With Stock XYZ stuck in a tight trading range near the $56 level, you simultaneously sell to open one 57.50-strike call and sell to open one 55-strike put. The call is bid at 0.21, while the put is bid at 0.39, resulting in a net credit of 0.60 (0.21 + 0.39). Accounting for 100 shares per contract, you've collected $60 at the outset of the trade.
Now, you sit back and wait until expiration, hoping XYZ doesn't experience any major moves that would push one of your options into the money.
The $60 you netted from selling both options is your maximum potential profit on a short strangle. If the stock settles anywhere between the two sold strikes prior to expiration, this entire amount is yours to keep. Meanwhile, both options can be left to expire worthless, so no further action must be taken to exit the position.
There are two breakeven points on the short strangle, which are calculated by adding the net credit to the call strike and subtracting the net credit from the put strike. In this example, your profit zone ranges from $58.10 on the upside (57.50 + 0.60) to $54.40 on the downside (55 - 0.60).
If one of your options finishes in the money at expiration, however, you must buy to close the contract, resulting in an additional transaction fee.
While your profit on a short strangle is strictly limited, your risk is quite high. If one of the aforementioned breakeven rails is breached, losses will begin to add up quickly. Should XYZ plummet to zero, the maximum potential loss is equal to the put strike less net credit, or 54.40. Multiplied by 100 shares per contract, that's a downside risk of $5,440.
On the other hand, there's no limit to how much money you can lose in the event of a rally, as there's no cap to how high a stock can rise. Should the shares unexpectedly advance, your losses will begin to add up with each step north of breakeven at $58.10.
Since you've sold two options to initiate the short strangle, you'd ideally like to see implied volatility decline.

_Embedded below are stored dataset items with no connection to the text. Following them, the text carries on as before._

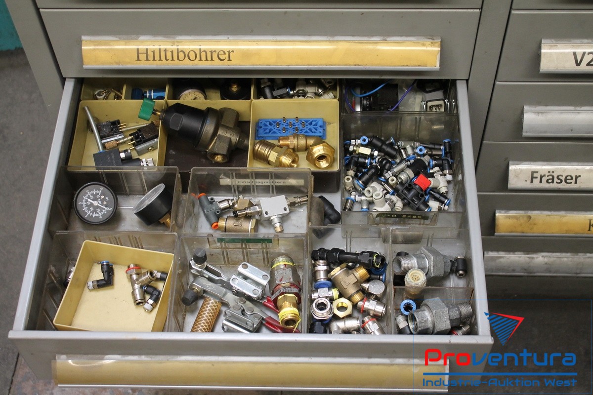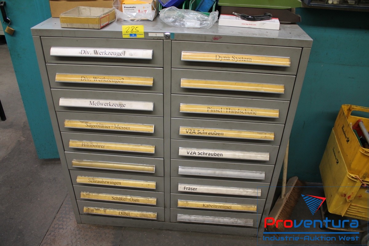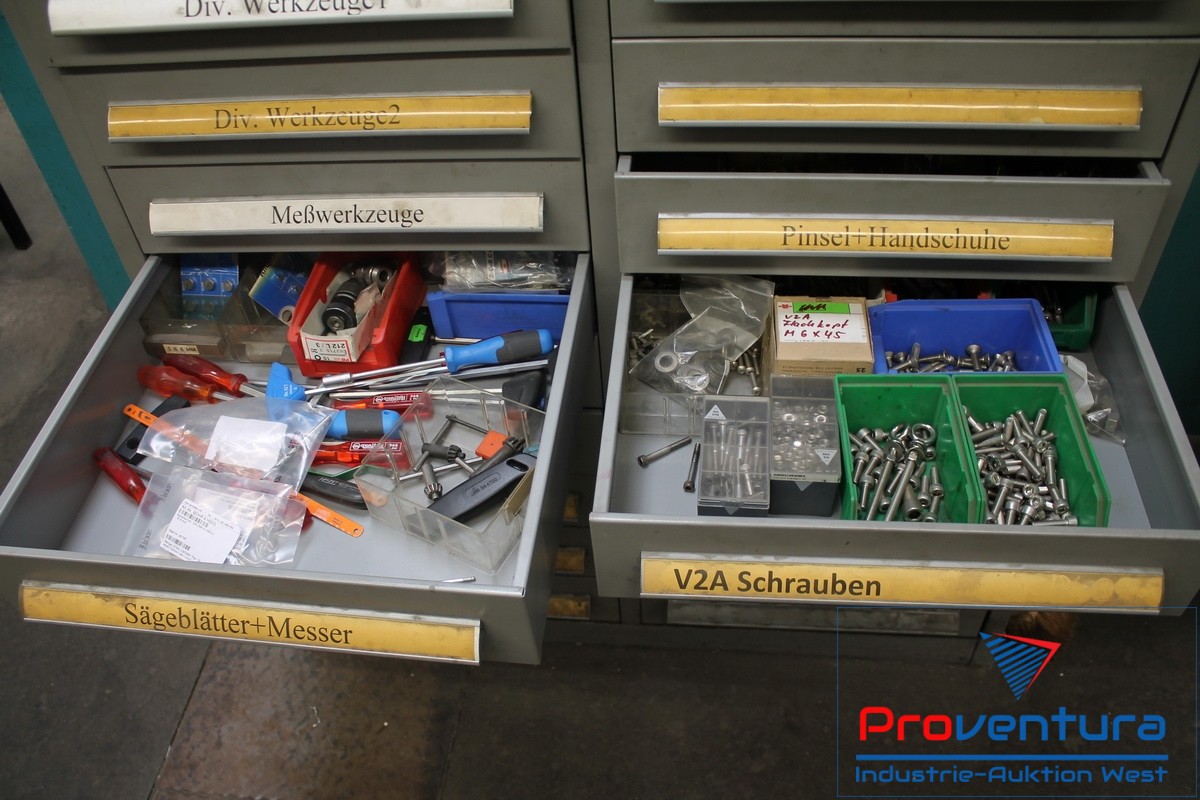Metallschränke, 2 St., je 9 Schübe, Inhalt Kleinteile, Werkzeug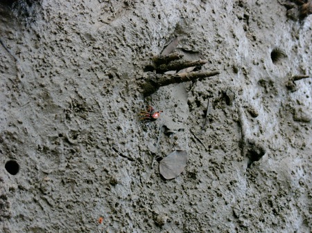 ふと海辺の地面を見ると、赤くて小さなシオマネキが居るではないか。熊本天草のハクセンシオマネキと違い、お洒落な赤いちゃんちゃんこ?・・・還暦ですか、って違いますよね。^^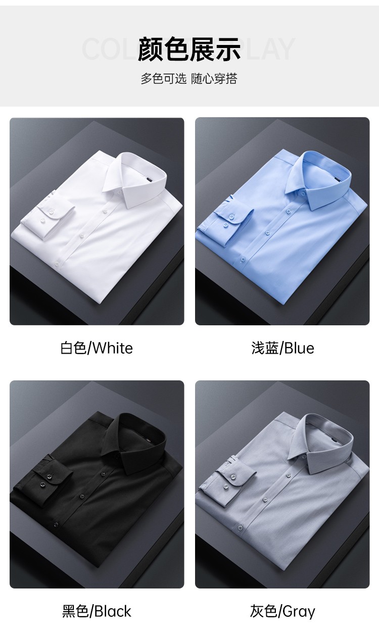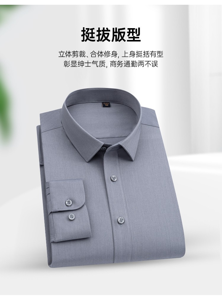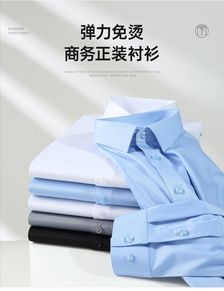 蜀黍家竹纤维弹力商务衬衫男士春秋长袖衬衣纯色免烫抗皱长袖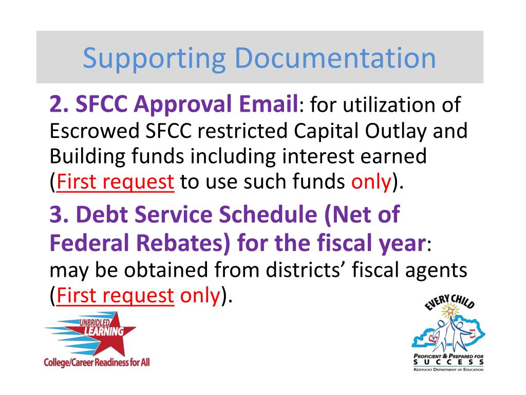 Supporting Documentation Supporting Documentation 2. SFCC Approval Email: for utilization of Escrowed SFCC restricted Capital Outlay and Building funds including interest earned (First request to use such funds only). 3. Debt Service Schedule (Net of Federal Rebates) for the fiscal year: may be obtained from districts’ fiscal agents (First request only).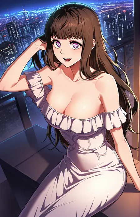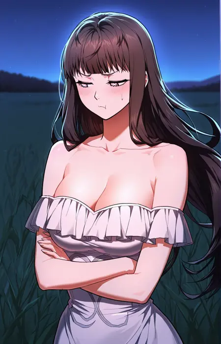 Shinka_outfit2、白いドレス、オフショルダードレス、ストラップレスドレス、肩を露出、鎖骨、胸元、フリルのネックライン、オフショルダーのネックライン、フィットしたウエスト、ロングドレス、マーメイドスカート、ハイヒール、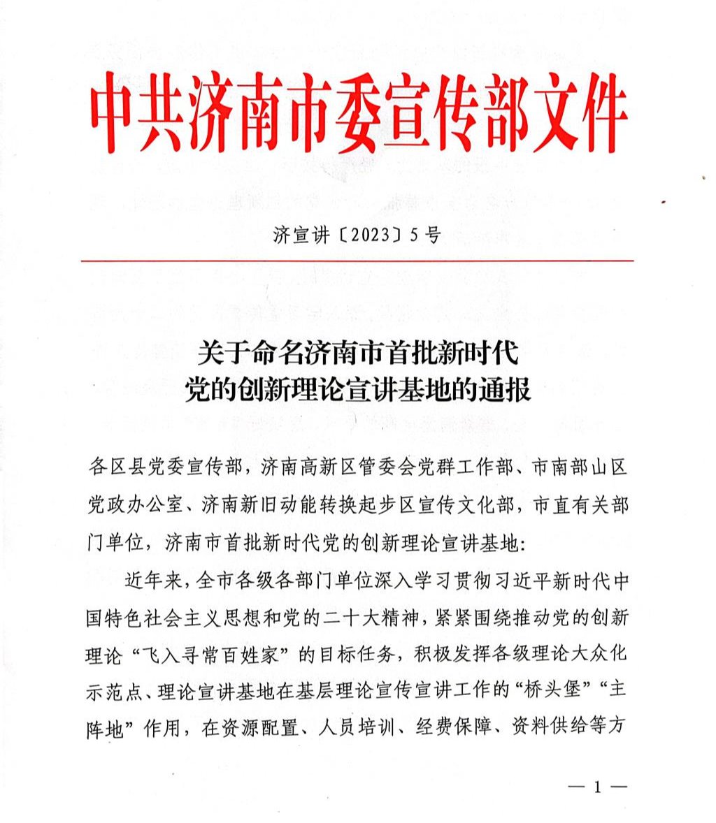 日前,中共济南市委宣传部发布了《关于命名济南市首批新时代党的创新理论宣讲基地的通报》,学校获评“济南市首批新时代党的创新理论宣讲基地”。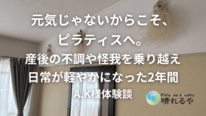 その後、ピラティスが少しずつメジャーになり、新しく運動できる場所を探していたときに「晴れるやピラティス」を見つけました。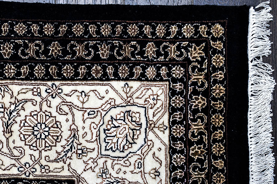 Более пяти веков назад в городе Агра зародилась знаменитая индийская школа ковроткачества, прославившаяся не меньше, чем расположенный здесь же Тадж-Махал. Мощное персидское влияние, помноженное на местный колорит, привело к появлению оригинальных орнаментов с богатыми растительными узорами — причудливым цветам, ветвям и листьям, разбросанным по всему полю ковра.

All other factors being equal, a downturn in implied volatility will reduce the value of your options -- thereby making it cheaper to buy them back, should the need arise.
Whenever you're dealing with "naked" short options, as in a short strangle, you'll be required to deposit a predetermined amount of investing capital into a margin account to cover potential losses. Ideally, the trade will play out as expected, and you won't have to forfeit these funds -- but it's worth noting that this capital will be tied up throughout the duration of the trade, and therefore unavailable to you for other investing purposes.
Since the success of a short strangle depends upon very little movement in the underlying stock, it makes sense to narrow your focus to shorter-term options. This gives the shares less time to move against you. Plus, be sure to check the company's corporate calendar to ensure there are no upcoming events that could provide a potential catalyst for the stock to move drastically higher or lower.